Dont worry if your water comes up on the top or bottom of any of these tests. It doesnt mean your water is "Bad", thats just the type of water you have in your area. 

Use the results of your test to find fish that match your water type and they will be very happy. A little bit of a mis-match usually isnt a problem with most common fish types. Just do some research on your fish to find out =)

Hope that helps you out.


----------



## GW (May 25, 2007)

*Alkalinity (Carbonate Hardness-KH)* measures dissolved bicarbonate and carbonate ions. They are commonly referred to as the buffering capacity. KH determines on how stable your pH will be and is therefore very important.

*General Hardness (GH)*
GH primarily measures calcium and magnesium ions. 

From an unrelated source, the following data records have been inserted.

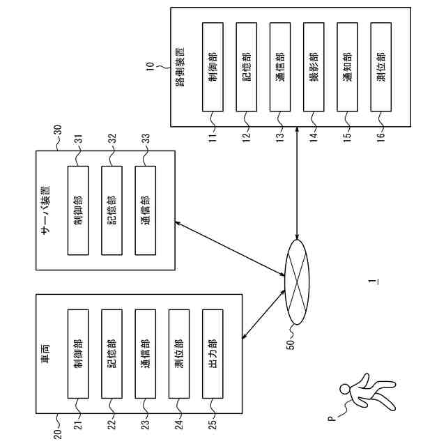 図1は、一実施形態に係る情報処理システム1の構成例を示す図である。情報処理システム1は、路側装置10、車両20、及び、サーバ装置30を備える。路側装置10、車両20、及び、サーバ装置30は、例えば移動体通信網及びインターネット等を含むネットワーク50と通信可能に接続される。
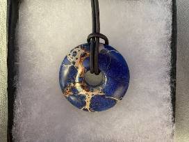 Here is a casual necklace - a polished rock "doughnut", dark blue with beige viening. It is strung on a 22" black leather cord. FMV - $15.00 donated by Gail Schwab
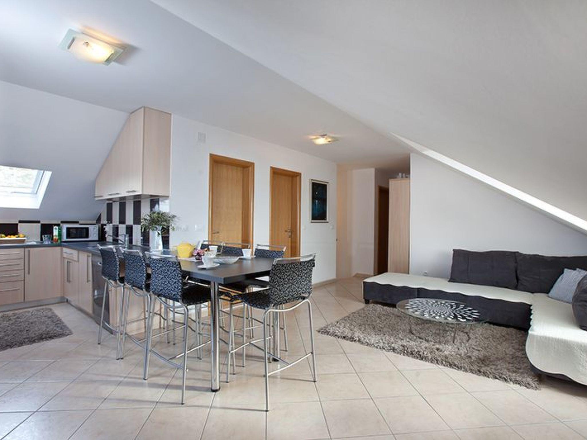 The apartment has 100m2 Is intended for 4 people and consist of 2 bed rooms with double bed, 2 bathrooms ( on with shower other only toilet ), open space living room and kitchen ( dish washer, owen, hob, coffe-machine, microwave, large frigo ) large balcony with table and chairs and sea view , air-condition,washing machine, SAT TV. outside grill.

This link may help you understand...
http://www.algone.com/water_parameters.php


----------



## Falina (Feb 25, 2007)

> Then go to a pet store and buy a 5 in 1 water test. They will be little strips in a bottle and give instructions on how to use them. It will tell you the Hardness (Gh) and Ph of your water.

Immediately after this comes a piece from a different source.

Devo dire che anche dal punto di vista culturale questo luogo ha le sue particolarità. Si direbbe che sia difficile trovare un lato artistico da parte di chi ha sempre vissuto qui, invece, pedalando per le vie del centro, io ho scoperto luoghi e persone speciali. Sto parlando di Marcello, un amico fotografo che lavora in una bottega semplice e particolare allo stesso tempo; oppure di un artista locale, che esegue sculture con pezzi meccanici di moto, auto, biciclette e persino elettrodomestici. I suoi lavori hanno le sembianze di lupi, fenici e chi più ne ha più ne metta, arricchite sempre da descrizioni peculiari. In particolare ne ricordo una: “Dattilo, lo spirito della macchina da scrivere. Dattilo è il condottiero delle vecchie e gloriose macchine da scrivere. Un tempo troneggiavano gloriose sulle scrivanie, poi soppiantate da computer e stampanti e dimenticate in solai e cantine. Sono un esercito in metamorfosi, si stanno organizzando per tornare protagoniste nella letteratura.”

I recommend the liquid tests as the strips tend to be very inaccurate.


----------



## leslie123 (May 26, 2007)

*So these values would mean ...*

I hope it's okay if I add my question to this topic? It relates perfectly.

So if my values are:

KH (Carbonate) = 8-9 
DH (General) = 0-1 

Then do I have ... very soft water with a good buffering capacity? Or do I have hard water? What KH would be consdidered good buffering? 

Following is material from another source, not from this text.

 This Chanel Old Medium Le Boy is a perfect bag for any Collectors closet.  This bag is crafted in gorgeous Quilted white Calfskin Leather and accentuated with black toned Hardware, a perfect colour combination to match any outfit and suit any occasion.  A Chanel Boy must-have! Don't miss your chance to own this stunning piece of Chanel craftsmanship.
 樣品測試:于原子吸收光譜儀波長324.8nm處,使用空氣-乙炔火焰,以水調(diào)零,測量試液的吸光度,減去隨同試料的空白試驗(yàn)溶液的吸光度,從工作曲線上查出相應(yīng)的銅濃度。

Thanks!! (And I DO apoligize if I shouldn't be posting this here, but should post a new topic. Please let me know!)

Leslie


----------



## fish_4_all (Nov 13, 2006)

Hard water would be a GH of about 14, normally you want to keep it somewhere around 4-8. The numbers are not set in stone and many sources give different numbers but it all comes down to your fish as to what you want the numbers to be. Most fish are fine in a range of both KH and GH where certain ones will need harder or softer water. 

You never want to see your KH below 3 because of the buffering capacity and I think the GH needs to stay around 3-5 to give the calcium and magnesium needed for good health. It has to do with something, the GH does, as far as osmotic pressure and swim blatters but I don't know the technical aspects of it.


----------



## GW (May 25, 2007)

Leslie, If I've done my calculations correctly to convert over to PPM:

You have "Soft" water according to your (GH)General Hardness of 0-1.
Your (KH)Carbonate Hardness level, also known as "Alkalinity", should buffer the PH level(acidity/alkalinity) preventing quick swings which could be fatal to your fish. I'm getting a conversion to PPM of approx. 160 PPM for your KH level.


----------



## fish_4_all (Nov 13, 2006)

Thats about right but there is one problem when converting. It depends on the test kit you have. I have seen it where it can 16:1 ppm:degrees and I have seen it as low as 10:1 ppm:degrees. Mine is 16:1 and a friends is 10:1. I guess there is one out there that is 23:1 but I haven't seen it yet. 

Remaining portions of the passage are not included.